Three Choices on Syria

Michael Weston:  Nando Nando Nando You’re dead.  You just don’t know it yet.

Burn Notice Things Unseen 2013


Monday we talked about why I oppose strikes in Syria (because it aids Islamic Rebels). Yesterday I put up a dissenting view from longtime reader and commenter Proud to serve. (It’s vital to show the use of Chemical weapons has a terrible cost)

Both points are valid so the problem is this:

How do you punish Syria for the use of Chemical Weapons while not enabling the rebels?

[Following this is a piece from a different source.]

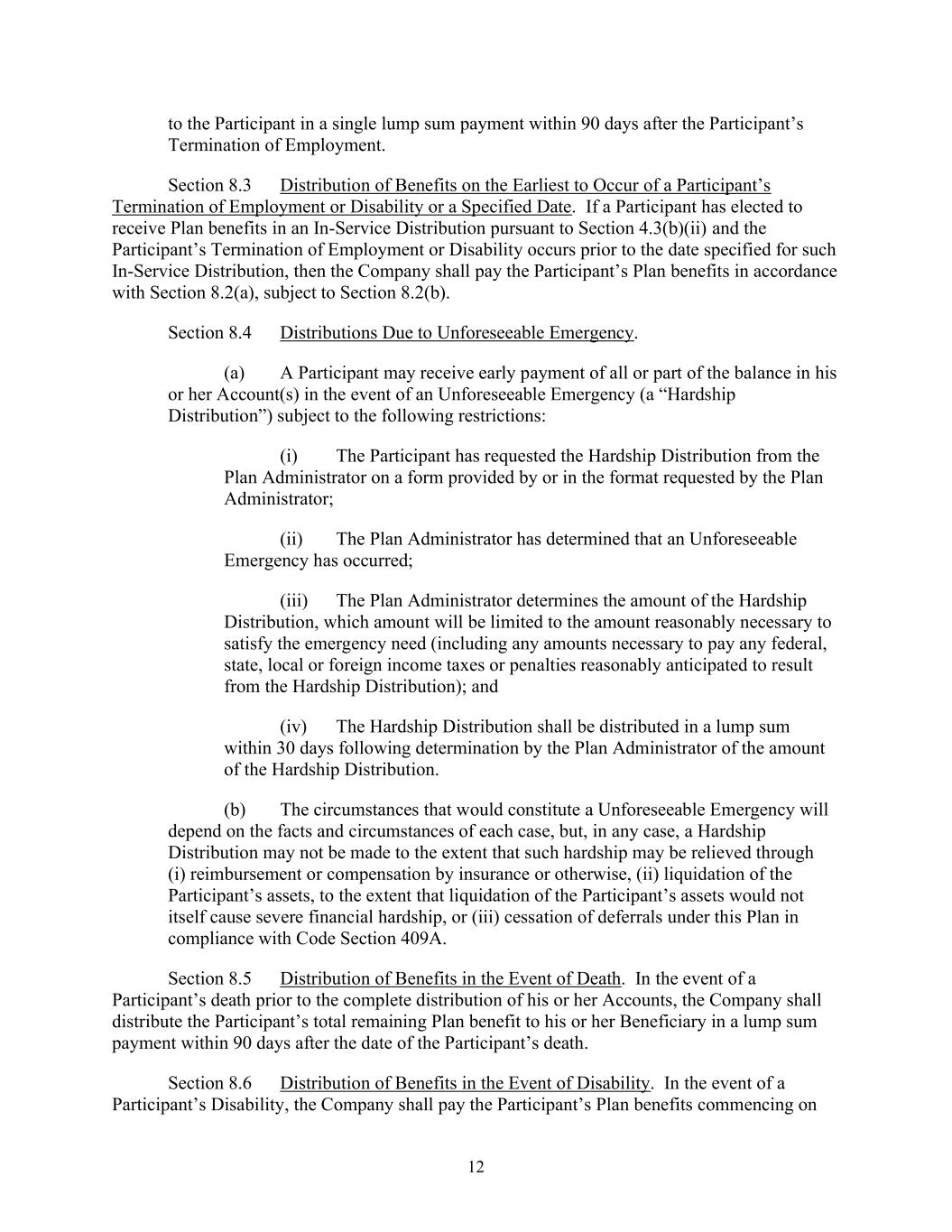 12 to the Participant in a single lump sum payment within 90 days after the Participant’s Termination of Employment. Section 8.3 Distribution of Benefits on the Earliest to Occur of a Participant’s Termination of Employment or Disability or a Specified Date. If a Participant has elected to receive Plan benefits in an In-Service Distribution pursuant to Section 4.3(b)(ii) and the Participant’s Termination of Employment or Disability occurs prior to the date specified for such In-Service Distribution, then the Company shall pay the Participant’s Plan benefits in accordance with Section 8.2(a), subject to Section 8.2(b). Section 8.4 Distributions Due to Unforeseeable Emergency. (a) A Participant may receive early payment of all or part of the balance in his or her Account(s) in the event of an Unforeseeable Emergency (a “Hardship Distribution”) subject to the following restrictions: (i) The Participant has requested the Hardship Distribution from the Plan Administrator on a form provided by or in the format requested by the Plan Administrator; (ii) The Plan Administrator has determined that an Unforeseeable Emergency has occurred; (iii) The Plan Administrator determines the amount of the Hardship Distribution, which amount will be limited to the amount reasonably necessary to satisfy the emergency need (including any amounts necessary to pay any federal, state, local or foreign income taxes or penalties reasonably anticipated to result from the Hardship Distribution); and (iv) The Hardship Distribution shall be distributed in a lump sum within 30 days following determination by the Plan Administrator of the amount of the Hardship Distribution. (b) The circumstances that would constitute a Unforeseeable Emergency will depend on the facts and circumstances of each case, but, in any case, a Hardship Distribution may not be made to the extent that such hardship may be relieved through (i) reimbursement or compensation by insurance or otherwise, (ii) liquidation of the Participant’s assets, to the extent that liquidation of the Participant’s assets would not itself cause severe financial hardship, or (iii) cessation of deferrals under this Plan in compliance with Code Section 409A. Section 8.5 Distribution of Benefits in the Event of Death. In the event of a Participant’s death prior to the complete distribution of his or her Accounts, the Company shall distribute the Participant’s total remaining Plan benefit to his or her Beneficiary in a lump sum payment within 90 days after the date of the Participant’s death. Section 8.6 Distribution of Benefits in the Event of Disability. In the event of a Participant’s Disability, the Company shall pay the Participant’s Plan benefits commencing on

I’ve thought about this and as far as I can figure there are three options.

#1 The Big way

#2 The small way

#3. The Tiny Way

Let’s examine all three in order

#1. The Big Way

The United States would declare war on Syria and invade both via Israel & the Mediterranean Sea. The United States would slowly prepare an invasion force over the course of 3-6 months building up troops in the area and giving Syria the option to

1. Surrender their chemical stockpiles

2. Remove the Assad family (Perhaps a UN protectorate until free elections)

at which point we would call the whole thing off.

The advantages of such a move is clear:

1. A US invasion would assure that the chemical stockpiles would not fall into the wrong hands

2. The Al Qaeda/Islamists who wish to take over Syria would be checkmated.  Instead of being in a position to take the country they would have to fight us to get it.

3. Such an invasion would become a “kill zone” for Hamas, Hezbollah & Al Qaeda. It would be a place where our enemies would instead of striking at civilian targets would be engaged against the single most powerful military in history.

4. Given the amount of time it took to actually take Iraq out there is every possibility that Assad would take the US (even under this president) seriously and choose to give in either willingly or overthrown by his generals hoping to make a deal.

5.  Such a move would re-assert US power globally while making it extremely clear that any use of WMD would be the death knell for any two bit dictator who chooses to use them.

6.  It would not only solve the problem with killing people with chemical weapons it would stop the whole damn thing.

If your priority is US prestige and deterrent in the long run this is in fact the best way to do this but there are many arguments against.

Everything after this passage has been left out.